Я всегда думал, что слезы есть только у бабушки и у Мойшки-Сороки. Оказалось — и у меня. Слезы долго висели у меня на ресницах. Не моргни я, они никогда не покатились бы по лицу.

Я смотрю на звезды i_005.jpg

Никогда!

ШАПКА

От дома Капера до еврейского кладбища довольно далеко. Напрасно дядя Мотл-Златоуст клянется, что туда рукой подать.

Рукой подать до тюрьмы.

Мы идем молча. Винцукас грызет черствую баранку. Я думаю о небе. Облака — белые-белые, мягкие-мягкие. Ночью на них, должно быть, валяются ангелы и спит господь. Утром, когда он просыпается, с ним начинает шушукаться бабушка.

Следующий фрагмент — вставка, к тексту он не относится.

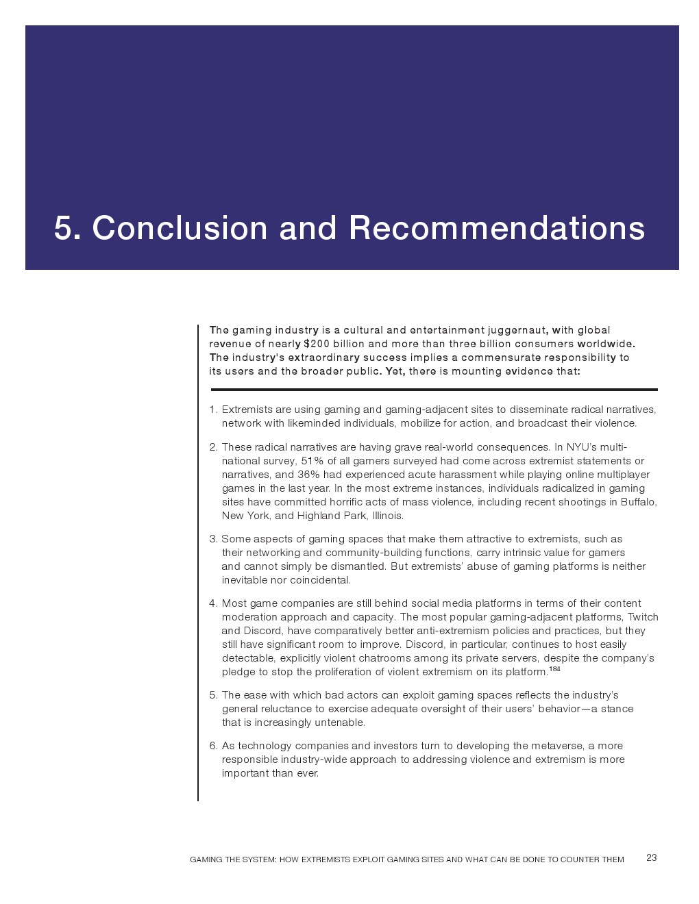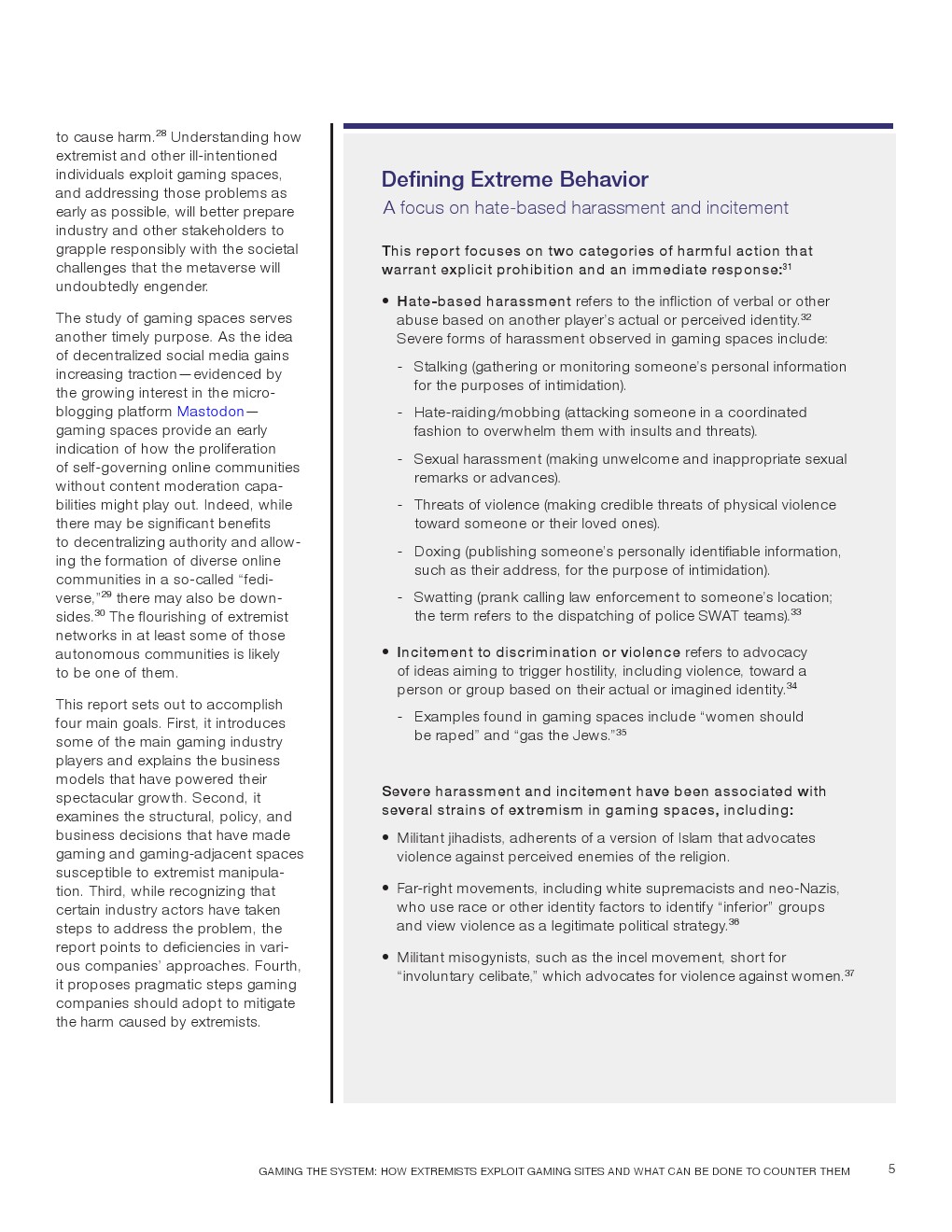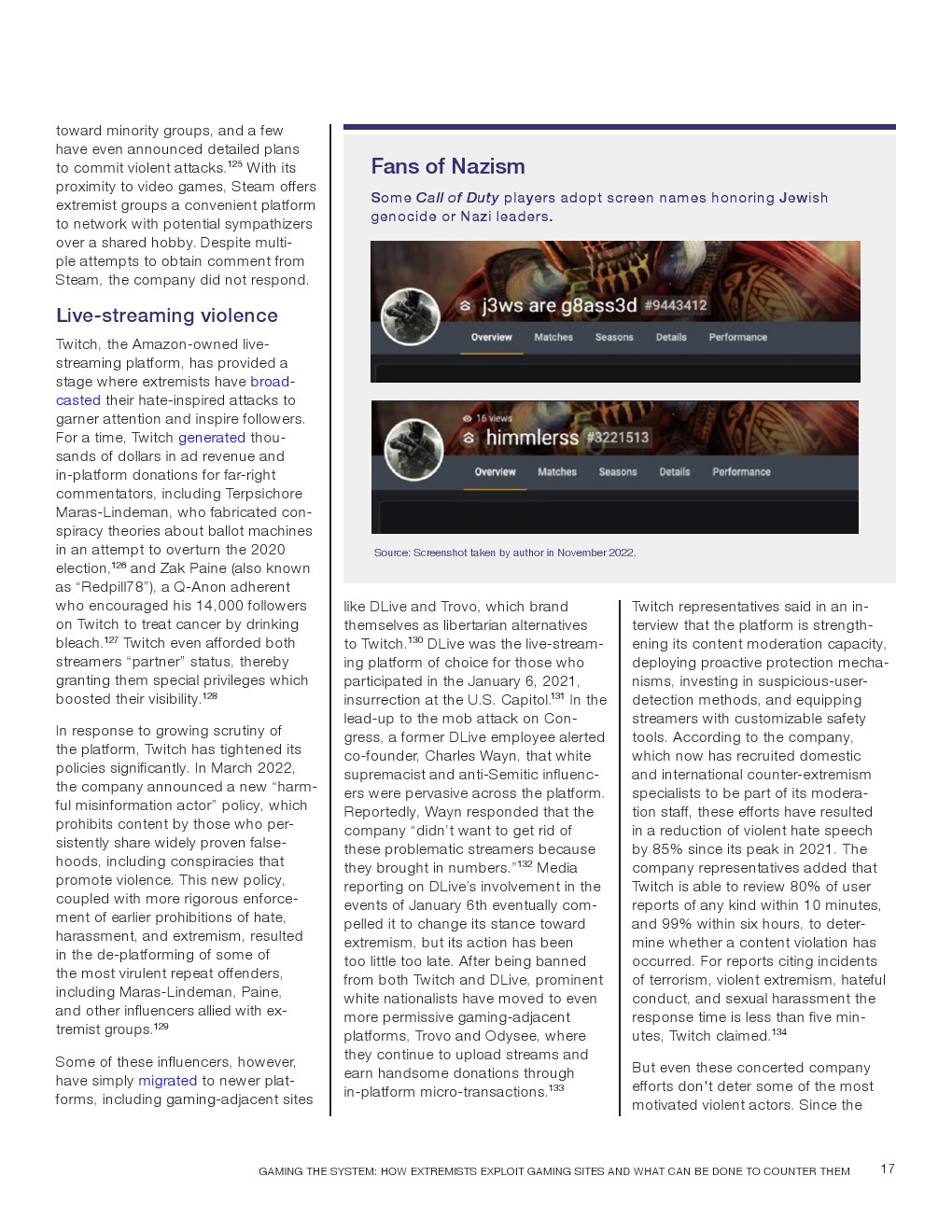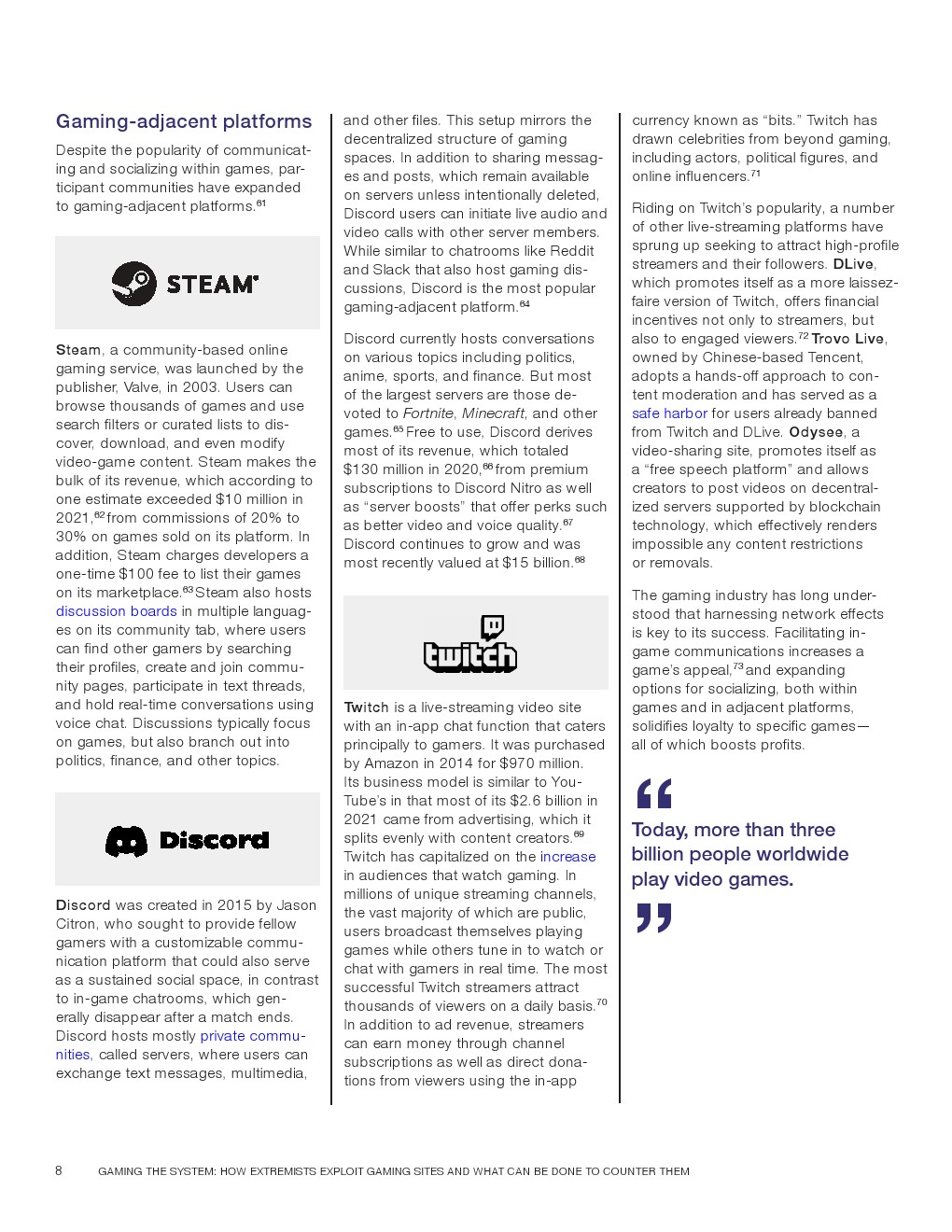 越来越多的证据表明,不良行为者利用电子游戏和相关平台的基本特征,传播基于仇恨的言论,与潜在的同情者建立联系,并动员采取行动,有时会带来致命的后果。极端分子能够相对轻松地操纵游戏空间,这表明行业参与者需要采取紧急行动,以避免进一步的伤害。尽管一些游戏公司最近已经投资了内容审核技术和系统,但大多数公司在适当管理和减少平台滥用方面仍然远远落后。
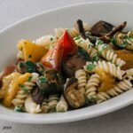 大きめにカットされた肉厚でジューシーなグリル野菜をつかったパスタ。レモンとハーブ入りのマリネ液で他に調味料を加えなくても味がきまります。
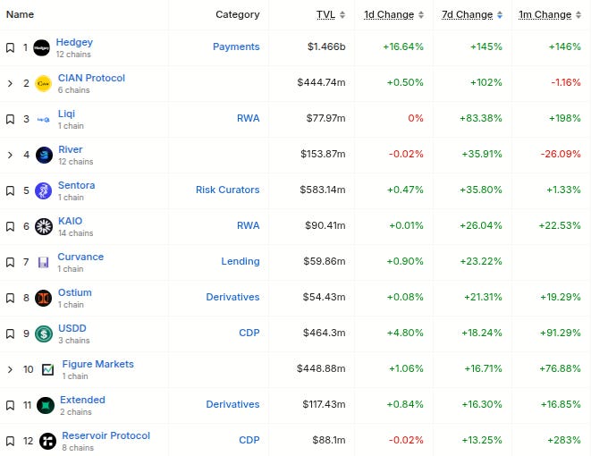 Here’s The Top 12 Fastest-Growing Protocols By TVL On The Weekly With At Least $50M TVL (from @DefiLlama):
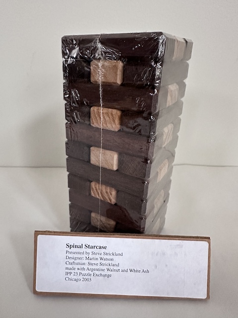 Designed by prolific puzzle designer Martin Watson and manufactured by Puzzlecraft owner Steve Strickland, this was Steve's exchange puzzle at IPP23 in Chicago in 2003. The puzzle consists of 6 pieces which must be placed into the "spine" so as to form the interlocking column. The two sharply contrasting woods make for a beautiful finished product.
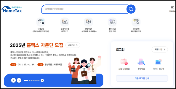 - 국세청 홈택스에 접속합니다.
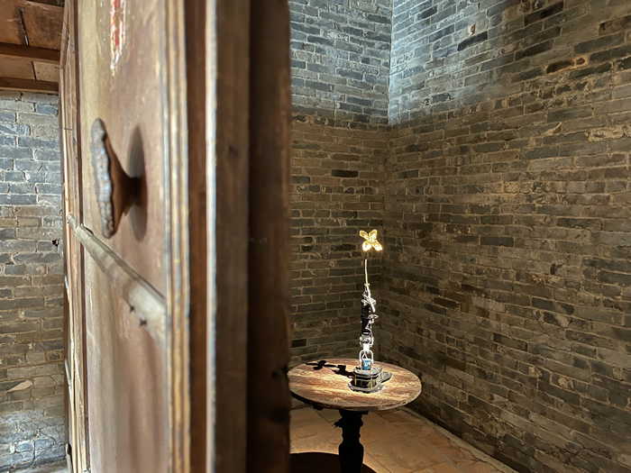 視聽之外,嗅覺也占據著它的舞臺。在煙南村的某個昏暗老屋中,彌漫著中藥植物散發出的柔和香氣。藝術家王忠升將東方養生哲學與西方療愈理念相融合,取材廣府代表性的傳統藥材陳皮,并結合金箔技術將草藥草藥包裹呈現其獨特的價值與美。二樓的房間則用金繕技藝和金箔包裹了一整張古床,作品元素成為對歷史典籍《金花的秘密》的現代演繹,一句“吃好睡好”道出了藝術家在嘈雜現世中追求的樸實的生活哲學。

Она жалуется всевышнему на мясника Гирша, на торговку рыбой Сарру и, конечно, на меня. Бог спросонья плохо слышит ее, и старушка нудно и долго повторяет одно и то же:

— Ребейнешелойлом![1]

Вдруг я останавливаюсь, как вкопанный.

— Ты же без шапки, Винцукас!

— На улице жарко.

— Тебя Хаим не пустит.

— Почему?

— Такой закон.

— Какой?

— На кладбище без шапки нельзя.

— Почему?

— Почему-почему… Чтобы волосы от страха дыбом не встали.

— У меня не встанут. Я мертвых не боюсь.

— Все равно нельзя.

— Тогда иди один, — злится Винцукас и переминается с ноги на ногу.

— Постой. Что, если…

— Выкладывай, — строго цедит Винцукас.

— Я забегу к Лейзеру.

— Зачем?

— За шапкой.

Скорняка Лейзера в местечке называют ученым евреем: он выписывает из Каунаса газету. Иногда скорняк дает почитать ее моему дяде Мотлу-Златоусту.

вернуться

1

Господи (евр.).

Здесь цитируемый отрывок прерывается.